Your colleague either commutes by train or by the bus. 20 days of the month, she takes the train and the remaining 10 days she takes the bus. If she takes the train, she reaches work on time with a probability of 0.9. If she takes the bus, she frequently gets stuck in traffic and reaches work on time with a probability of 0.5.
Given that she was on time today, what is the probability that she took the bus to work today?
p.T <- 20/30
p.B <- 10/30
p.O.T <- 0.9
p.L.T <- 0.1
p.O.B <- 0.5
p.O.B <- 0.5
p.O.B * p.B / (p.O.B * p.B + p.O.T * p.T)
## [1] 0.2173913
Answer: the probability that she took the bus to work today is 0.2173913
In the Grade Network that we looked at in the notes, what happens to the probability of Difficulty of Course when you present the evidence that the received recommendation letter was good?
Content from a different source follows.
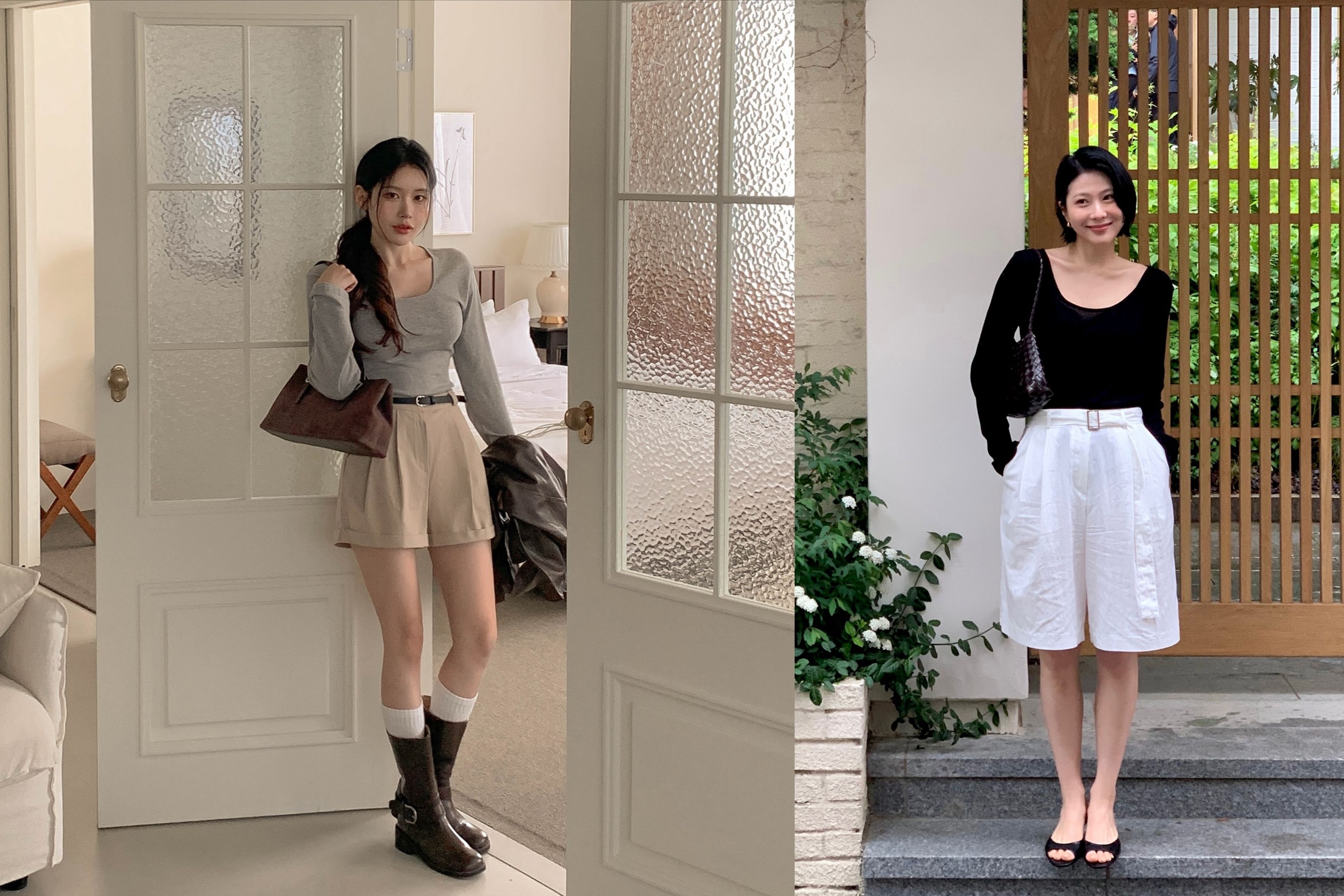 Công thức "trên dài, dưới ngắn" luôn là một nước cờ thời trang thông minh. Một chiếc áo thun dài tay oversized, phối cùng một chiếc quần short da hoặc short denim sẽ tạo ra một vẻ ngoài vừa thoải mái, vừa cực kỳ thu hút. Đây là bản phối hoàn hảo cho những ngày dạo phố, thể hiện một cá tính năng động và không ngại khác biệt.

In addition, now present the evidence that both SAT scores were good and the letter of recommendation was good, What is the probability of the Difficulty of Course now? You should use the gRain package in R to build your network and perform these calculations.
You may need to install RBGL package from BioConductor in R to get gRain working. See http://www.bioconductor.org/packages/release/bioc/html/RBGL.html for instructions on RBGL.
library(gRain)
## Loading required package: gRbase
# levels
ny <- c("no", "yes")
lh <- c("low", "high")
# nodes
d <- cptable(~d, values=c(0.3, 0.7), levels=ny)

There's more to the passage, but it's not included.